**Your assignment:**
Retype only what runs from the first line of the records to the line with "Магазин одежды по", inclusive, and no pictures.

**Provided material:**

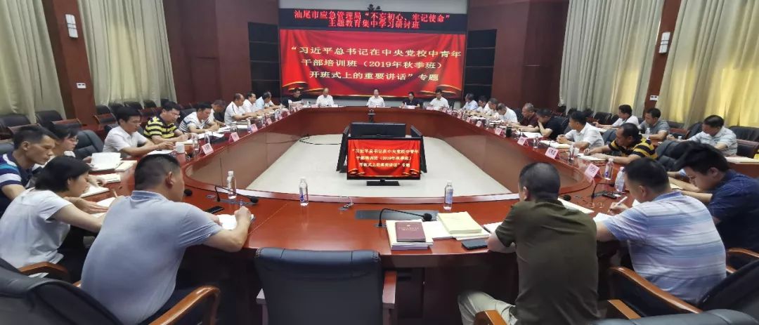 9月17日至9月22日,为期六天的汕尾市应急管理局“不忘初心、牢记使命”主题教育集中学习研讨班圆满结束。本次研讨班围绕习近平总书记关于“不忘初心、牢记使命 ”的重要论述,革命传统教育,党章、党史和新中国史,《习近平新时代中国特色社会主义思想学习纲要》,习近平总书记在中央党校中青年干部培训班(2019年秋季班)开班式上的重要讲话,党章等6个专题开展学习研讨。6天来,经过全体同志的共同努力,这次集中学习研讨培训班完成了全部专题,达到了预期的效果。市应急管理局副处以上领导干部、科室负责人、直属单位负责人、全体党员参加此次主题教育集中学习研讨班。
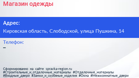 Магазин одежды по адресу Кировская область, Слободской, улица Пушкина, 14 в дальнейшем Организация, размещена в следующих категориях:
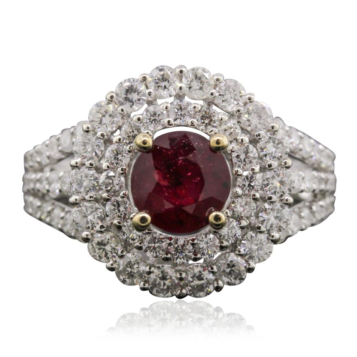 One electronically tested 18KT white gold Ladies combination cast & assembled fashion ring with a bright polish finish. Condition is new. Identified with markings of "750". Containing: Thirty-Six prong set round brilliant cut diamonds, measuring 1.30 - 1.30 x 0.78mm (depth est.) approximate. Total Weight of 36 Stones = 0.36ct. Clarity: I-1. Color: G, Cut is Good. Sixteen prong set round brilliant cut diamonds, measuring 1.50 - 1.50 x 0.90mm (depth est.) approximate. Total Weight of 16 Stones = 0.20ct. Clarity: I-1. Color: G - H, Cut is Good. Eighteen prong set round brilliant cut diamonds, measuring 2.10 - 2.10 x 1.26mm (depth est.) approximate. Total Weight of 18 Stones = 0.91ct. Clarity: SI-2 to I-1. Color: G, Cut is Good. One prong set round modified brilliant cut natural ruby, measuring 6.20 - 6.20 x 4.14 mm, approximate weight of 1.43ct., clarity is heavily included, medium dark, moderately strong, strongly purplish red color, (GIA stpR 6/4), cut is good. Colored gemstones are presumed to have been subjected to commonly used color/clarity enhancement processes. Total Weight of Colored Stones 1.43ct. Total Weight of Diamonds 1.47ct. Total Weight of Ring 5.50 grams. GGL Appraised at $4,470.00.
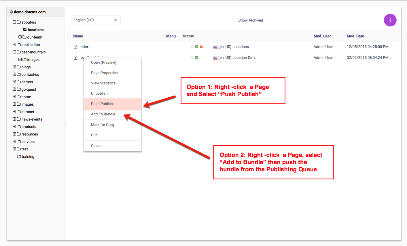 - Right-click and Push Publish on an individual Page in the Content Detail area
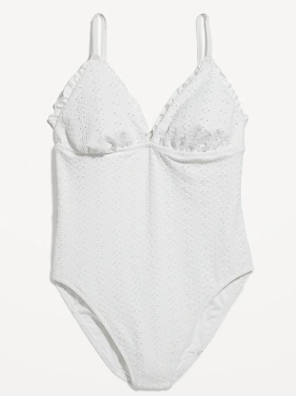 Eyelet-Embroidered V-Neck Ruffle-Trimmed One-Piece Swimsuit – $12.97 (reg. $50)
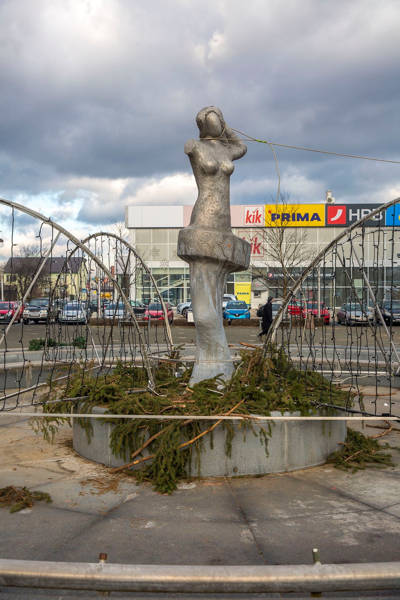 Fontana Vila Velebita svakako je predivni detalj Trga Stjepana Radića. Netko jako domišljat spojio je preko kipa kabel za struju. Kako??? Tako što je Vilu Velebita doslovno „objesio“ žicom. Ta ružna scena stoji već dulje od mjesec dana i nikako da je netko makne. Po onoj staroj poslovici „ako laže koza-ne laže rog“ dovoljno je pogledati ove fotografije. Na koje će prozvane veličine reagirati kao na napad na njih osobno. To je zato što su neki od njih diplomirali umijeće laganja.
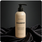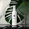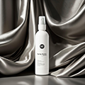 Prompt: black tabletop with soft reflections, (monstera leaf) behind the product, soft marble wall, soft natural light, minimalist realistic indoor scene, shallow depth of field - Name: Silk
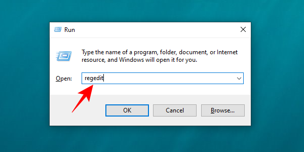 您还可以向桌面上下文菜单添加“清除剪贴板选项”。为此,请按Win+R 调出 RUN 框,键入“regedit”,然后按 Enter。
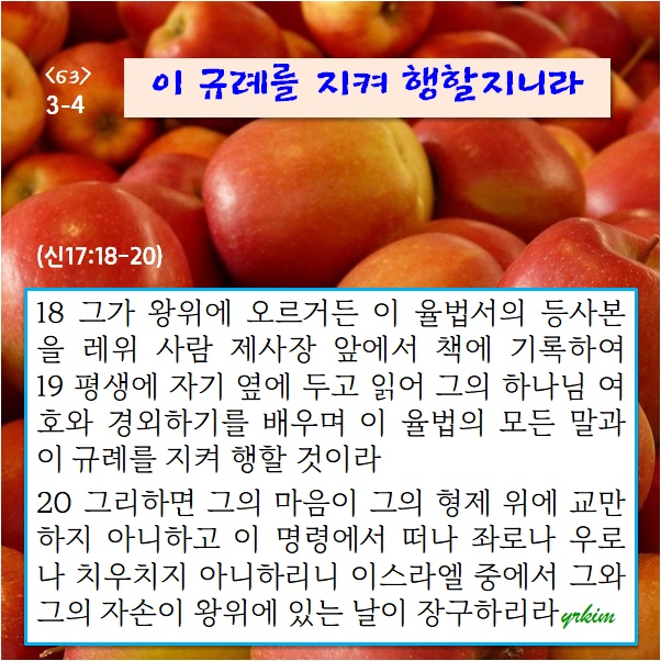 18 그가 왕위에 오르거든 이 율법서의 등사본을 레위 사람 제사장 앞에서 책에 기록하여 19 평생에 자기 옆에 두고 읽어 그의 하나님 여호와 경외하기를 배우며 이 율법의 모든 말과 이 규례를 지켜 행할 것이라 20 그리하면 그의 마음이 그의 형제 위에 교만하지 아니하고 이 명령에서 떠나 좌로나 우로나 치우치지 아니하리니 이스라엘 중에서 그와 그의 자손이 왕위에 있는 날이 장구하리라 (신 17:18-20)
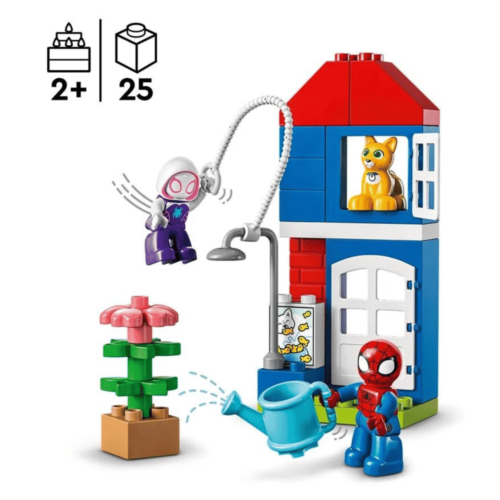 Monipuolisessa leikkisetissä on yllin kyllin kaikkea pienille Spider-Man-faneille. Setti sisältää 3 hahmoa – Hämiksen, Ghost-Spiderin ja Bootsie-kissan hahmot – sekä kasvin, joka ”kasvaa”, kun sen varteen lisää palikoita. Mukana on myös seittiosa, jonka hahmo voi sinkauttaa lyhtypylvään ympärille ihan kuin TV-sarjassa. Oven ja ikkunan voi avata helposti pienillä sormilla.
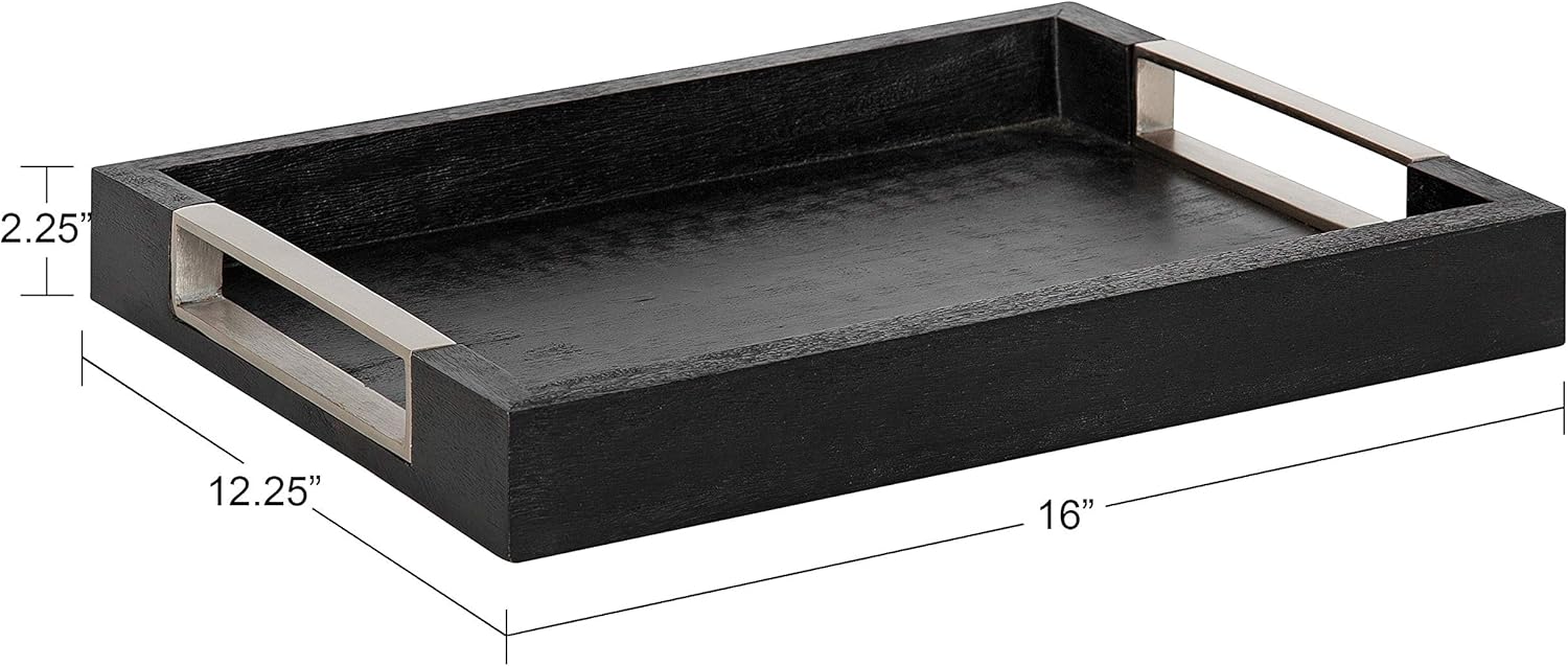 Kate and Laurel Heller Modern Rectangular Tray, 12 x 16, Black, Wood Tray for Storage and Display

**Solution below:**
 9月17日至9月22日,为期六天的汕尾市应急管理局“不忘初心、牢记使命”主题教育集中学习研讨班圆满结束。本次研讨班围绕习近平总书记关于“不忘初心、牢记使命 ”的重要论述,革命传统教育,党章、党史和新中国史,《习近平新时代中国特色社会主义思想学习纲要》,习近平总书记在中央党校中青年干部培训班(2019年秋季班)开班式上的重要讲话,党章等6个专题开展学习研讨。6天来,经过全体同志的共同努力,这次集中学习研讨培训班完成了全部专题,达到了预期的效果。市应急管理局副处以上领导干部、科室负责人、直属单位负责人、全体党员参加此次主题教育集中学习研讨班。
 Магазин одежды по адресу Кировская область, Слободской, улица Пушкина, 14 в дальнейшем Организация, размещена в следующих категориях:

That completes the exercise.